What's your definition of "number"? Is it the standard model of the real number system? (You know, the uniquely defined field which is a closed metric space that's also an archimedian ordered field?) If not, what is your definition of "number"?

>[...] of numbers and add them all together
How do you define addition of an infinite amount of "numbers"?
If you add them all together, will the result again be a "number"?

Waiting to hear from you.

>>2808655

i see it too, and its making all these people look fuckin retarded

also, 1+2+3+4+... = -1/12

>>2808637
...999.999... = ...999.0 + 0.999...
as we all know, 0.999... = 1
...999.0 = -1, since if you add 1 to it, you get ...000.0 = 0.
So ...999.999... = -1 + 1 = 0.

The Casimir Effect in physics uses

1 + 2³ + 3³ + ... = 1/120

The value is obtain through the analytic continuation of the Riemann zeta function.

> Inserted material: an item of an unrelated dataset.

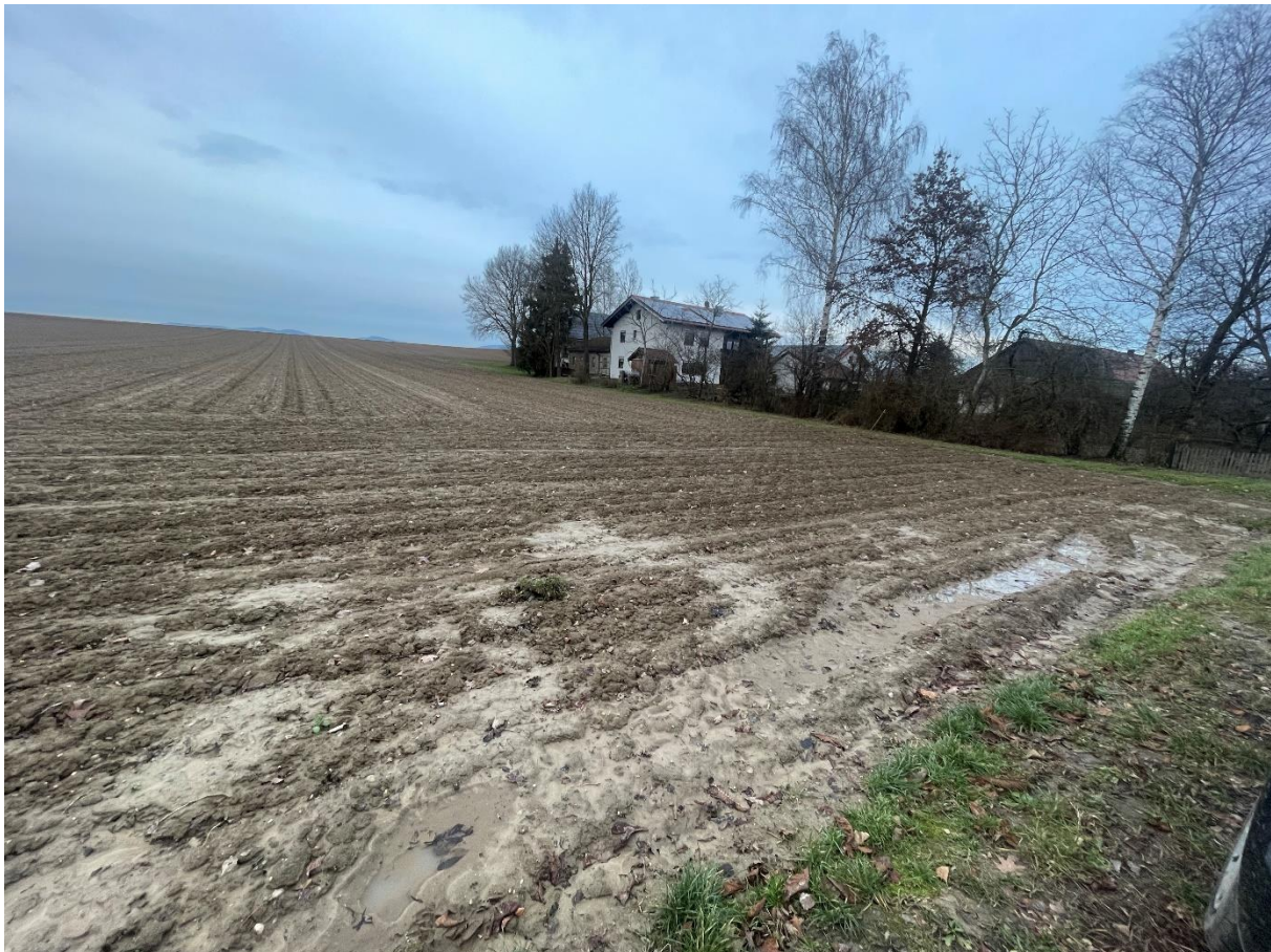
Abbildung 3: Blick in Richtung Nord-Osten

Der Änderungsbereich liegt rund 4,5 km Luftlinie nord-westlich des Stadtzentrums von Osterhofen im Bereich des Ortsteils Haid. Die Flächen werden über die Gemeindeverbindungsstraße Wisselsing – Ottmaring/Nindorf erschlossen. Der Änderungsbereich wird aktuell intensiv landwirtschaftlich bewirtschaftet.

The physical justification is that under infinite quantum corrections the sum obtains that value.

The results aren't wrong, it's just on a different branch than you're used too, just like z^3 = 1 has three different complex answers, you'll usually use z = 1 but not always.

http://en.wikipedia.org/wiki/Casimir_effect

ITT:
>hey guise, I'll just say random stuff and not mention the definitions I'm using so I can troll you day and night and you can't disprove me

>>2808657
Sir, I work on intuition, like all great mathematicians.

>>2808655
Where is it written down that you can't add an infinite number of positive numbers together and arrive at a negative number? I know it seems absurd, but infinity regularly produces counterintuitive results.

i'm sorry for being a 'tard, but since when does infinity equal minus one?

>>2808677
>The value is obtain through the analytic continuation of the Riemann zeta function. The physical justification is that under infinite quantum corrections the sum obtains that value.
Please, do tell us more.

And no, the answer is not given in the article you linked.

>>2808689
WELL WHOOP DE FUCKING DO, EVERYBODY I GUESS IT'S TIME TO STOP WORKING WITH AXIOMS AND JUST DO THINGS BY INTUITION BECAUSE THAT'S HOW ALL GREAT MATHEMATICIANS WORK

>>2808689
>>2808694
>Sir, I work on intuition, like all great mathematicians.
Oh I see. I'll let you play alone then.

Btw, perhaps present your intuitive prove of the RH (I'm sure you got one) to the math society, maybe they'll give you the 1 million dollar price money. (Since you're obviously an accomplished and successful mathematician with your intuition.)

>>2808705
Not a fan of RH, as it happens. It uses analytic continuation, which is a copout as far as I'm concerned.

>>2808695
http://www.wolframalpha.com/input/?i=zeta%28-3%29

>>2808695

I learned this attempting to follow http://www-math.mit.edu/~KEDLAYA/18.785/calendar.html in high school, and as such my understanding is probably fundamentally flawed, you're better off asking a mathematician or a physicist.

If you are interested in the zeta functional equation (where the results itt derived from) see http://www-math.mit.edu/~KEDLAYA/18.785/funceq.pdf

>>2808721
I'm a math undergrad and I can tell you that what you're saying doesn't seem to be making too much sense.

You're probably telling it wrong, which you are destined to do anyway since you don't seem to understand it at any level.

I wonder why you feel entitled to bring it up in a math discussion at all.
Perhaps next time shut the fuck up when that urge to hurf all over the place tingles your retard-center in your brain.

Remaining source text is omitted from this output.